Contributing
============

You're welcome to contribute.

1. Fork the repository on GitHub.
2. Clone the forked repository into a local directory:
   ``git clone my-repository-url``
3. Create a new branch: ``git checkout -b my-new-feature``
4. Commit your changes: ``git commit -a``
5. Push to the branch: ``git push origin my-new-feature``
6. Submit a pull request on GitHub.

Source code packages
--------------------

``theanolm.commands`` package contains the main scripts for launching the
subcommands.

``theanolm.network`` package contains ``Network`` class, which constructs the
network from layer objects and stores the neural network state (parameters).
Each layer type is implemented in its own class that derives from
``BasicLayer``. These classes specify the layer parameters and the mathematical
structure using symbolic variables.

``theanolm.parsing`` package contains classes for iterating text and converting
it to mini-batches.

``theanolm.training`` package contains ``Trainer`` class, which performs the
training iterations.

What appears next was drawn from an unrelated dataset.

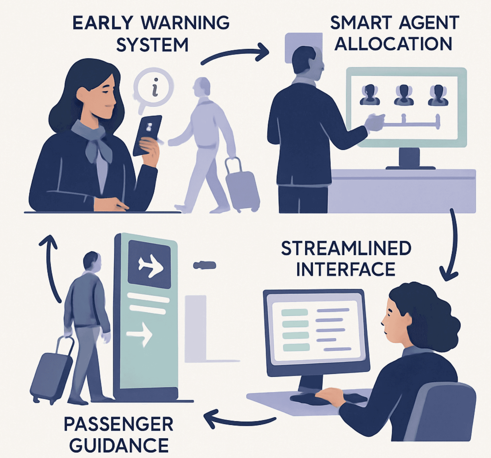 The system automatically assigns agents to optimal locations based on affected passenger count and agent expertise.
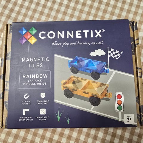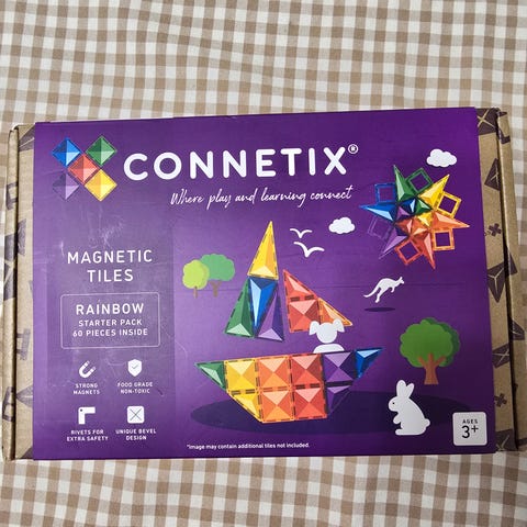 Used by one kid, has natural signs of wear which you can see in second photo. I just found 1 purple triangle that has a bit deeper scratch, but not broken (3rd photo).

It is responsible for cross-validation and learning rate
adjustment. It uses one of the optimization classes derived from
``BasicOptimizer`` to compute the gradients and adjust the network parameters.

``theanolm.scoring`` package contains the ``TextScorer`` class for scoring
sentences and ``LatticeDecoder`` class for decoding word lattices.
``TextScorer`` is used both for cross-validation during training and by the
score command for evaluating text.

``theanolm.textsampler.TextSampler`` class is used by the sample command for
generating text.

Neural network structure
------------------------

A ``Network`` object contains tensors ``input_word_ids``, ``input_class_ids``,
and ``mask`` that represent the mini-batch input of the network, i.e. a set of
n word sequences, where n is the batch size. These symbolic variables represent
two-dimensional matrices. The first dimension is the time step, i.e. the index
of a word inside a sequence, and the second dimension is the sequence. The mask
indicates which elements are past the sequence end; the output will be ignored
if the corresponding mask value is zero. Theano functions that utilize the
network have these tensors as inputs. Their values will be read from a text file
by a ``BatchIterator``.

Layers receive a list of input layers in the constructor. The constructor
creates the initial values of the layer parameters. Every layer implements the
``create_structure()`` method that describe its output, given its parameters and
the output of its input layers.

The ``Network`` constructs the layer objects. First layer object is a
``NetworkInput``, which is not a real layer, but just provides in its output
either the word ID or class ID matrix. The first layer following a
``NetworkInput`` should be a ``ProjectionLayer``. It maps the integer word IDs
into floating point vectors. Thus the projection layer and all the subsequent
layers output a three-dimensional tensor, where the third dimension is the
activation vector.

.. image:: images/batch-processing.png